WHAT IS EXPECTED:
In the records below, find the line with "Marcelo Rebelo de Sousa falou" and the line with "balização prende-se, disse, com"; return exactly those lines and every line between them.

EXERCISE DATA:
-----

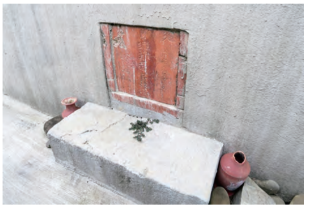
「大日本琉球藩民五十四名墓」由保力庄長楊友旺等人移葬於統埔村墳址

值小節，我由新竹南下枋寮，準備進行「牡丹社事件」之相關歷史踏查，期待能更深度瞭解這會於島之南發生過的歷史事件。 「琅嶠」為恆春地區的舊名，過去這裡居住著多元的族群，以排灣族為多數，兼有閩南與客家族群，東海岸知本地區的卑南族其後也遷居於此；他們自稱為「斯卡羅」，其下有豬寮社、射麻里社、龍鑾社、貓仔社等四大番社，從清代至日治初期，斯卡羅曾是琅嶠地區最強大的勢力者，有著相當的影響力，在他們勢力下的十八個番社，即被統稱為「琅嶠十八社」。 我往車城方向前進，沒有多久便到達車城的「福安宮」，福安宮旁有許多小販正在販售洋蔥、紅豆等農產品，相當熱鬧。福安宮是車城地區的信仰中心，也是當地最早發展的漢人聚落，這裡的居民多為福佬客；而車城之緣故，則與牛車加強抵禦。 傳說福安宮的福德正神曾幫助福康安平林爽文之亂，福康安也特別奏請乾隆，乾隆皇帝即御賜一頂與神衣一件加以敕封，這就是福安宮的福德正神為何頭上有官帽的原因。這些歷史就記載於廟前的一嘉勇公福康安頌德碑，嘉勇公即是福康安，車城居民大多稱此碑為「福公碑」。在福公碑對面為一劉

-----

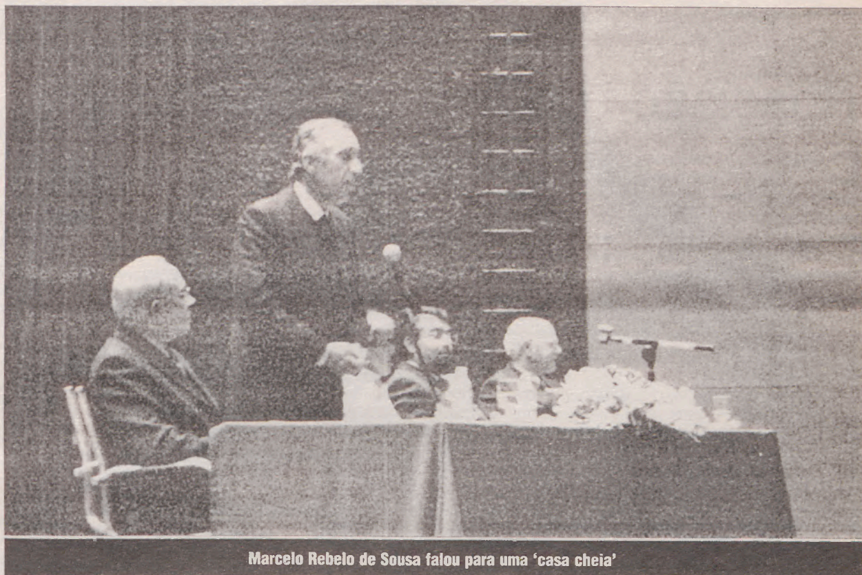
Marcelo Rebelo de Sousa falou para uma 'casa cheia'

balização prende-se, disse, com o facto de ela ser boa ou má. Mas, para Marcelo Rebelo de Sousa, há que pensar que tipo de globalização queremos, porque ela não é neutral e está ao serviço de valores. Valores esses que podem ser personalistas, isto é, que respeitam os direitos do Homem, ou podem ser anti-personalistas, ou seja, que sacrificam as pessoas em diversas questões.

-----

ANSWER TO THIS EXERCISE:
Marcelo Rebelo de Sousa falou para uma 'casa cheia'

balização prende-se, disse, com o facto de ela ser boa ou má. Mas, para Marcelo Rebelo de Sousa, há que pensar que tipo de globalização queremos, porque ela não é neutral e está ao serviço de valores. Valores esses que podem ser personalistas, isto é, que respeitam os direitos do Homem, ou podem ser anti-personalistas, ou seja, que sacrificam as pessoas em diversas questões.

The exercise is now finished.